● **Goal of the exercise**: Print the data below verbatim, minus images.

● **Dataset excerpt**:
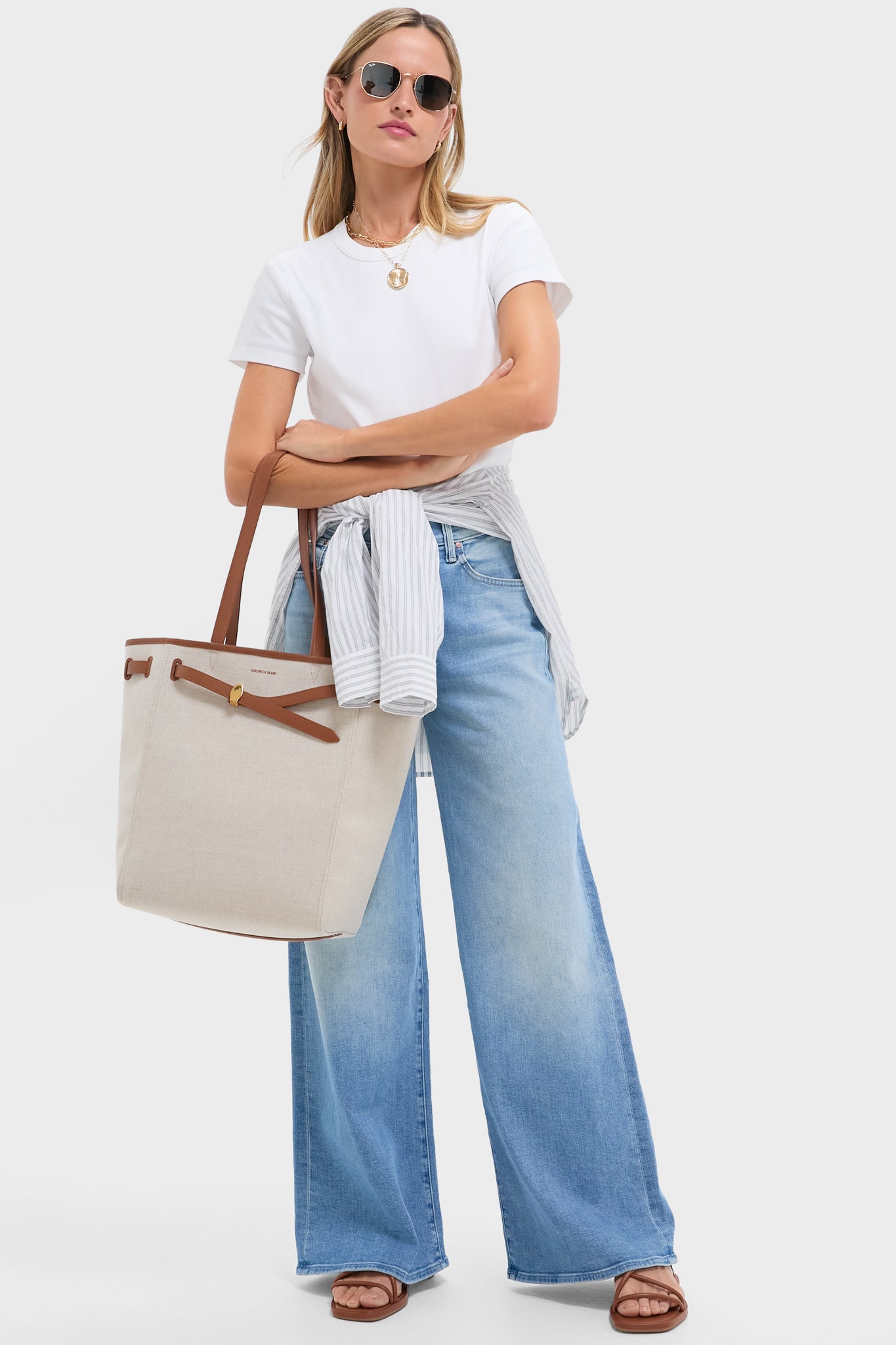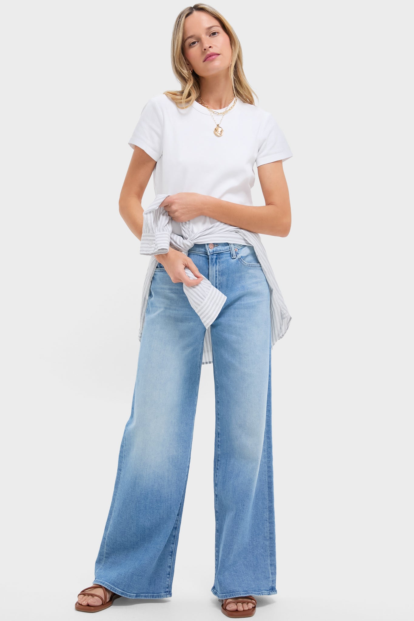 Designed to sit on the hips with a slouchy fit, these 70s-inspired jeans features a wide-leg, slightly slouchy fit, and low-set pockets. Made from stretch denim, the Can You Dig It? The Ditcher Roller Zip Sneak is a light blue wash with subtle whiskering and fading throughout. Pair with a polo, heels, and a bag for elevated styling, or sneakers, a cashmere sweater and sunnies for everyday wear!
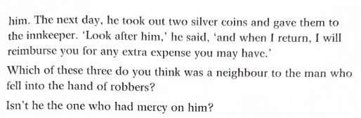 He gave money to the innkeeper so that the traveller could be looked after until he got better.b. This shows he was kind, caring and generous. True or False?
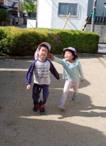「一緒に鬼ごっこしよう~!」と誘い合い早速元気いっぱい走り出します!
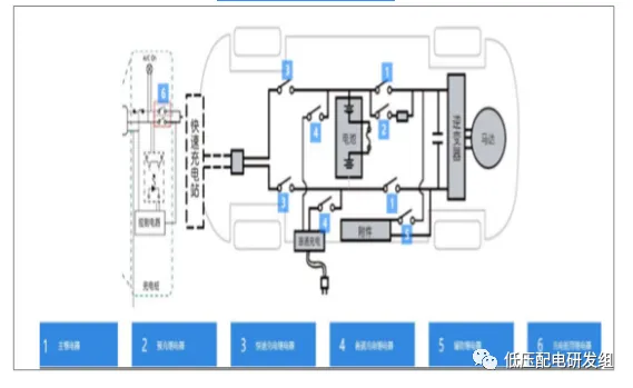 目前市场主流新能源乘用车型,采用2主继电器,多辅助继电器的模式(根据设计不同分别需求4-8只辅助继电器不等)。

● **Result of this task**:
 Designed to sit on the hips with a slouchy fit, these 70s-inspired jeans features a wide-leg, slightly slouchy fit, and low-set pockets. Made from stretch denim, the Can You Dig It? The Ditcher Roller Zip Sneak is a light blue wash with subtle whiskering and fading throughout. Pair with a polo, heels, and a bag for elevated styling, or sneakers, a cashmere sweater and sunnies for everyday wear!
 He gave money to the innkeeper so that the traveller could be looked after until he got better.b. This shows he was kind, caring and generous. True or False?
「一緒に鬼ごっこしよう~!」と誘い合い早速元気いっぱい走り出します!
 目前市场主流新能源乘用车型,采用2主继电器,多辅助继电器的模式(根据设计不同分别需求4-8只辅助继电器不等)。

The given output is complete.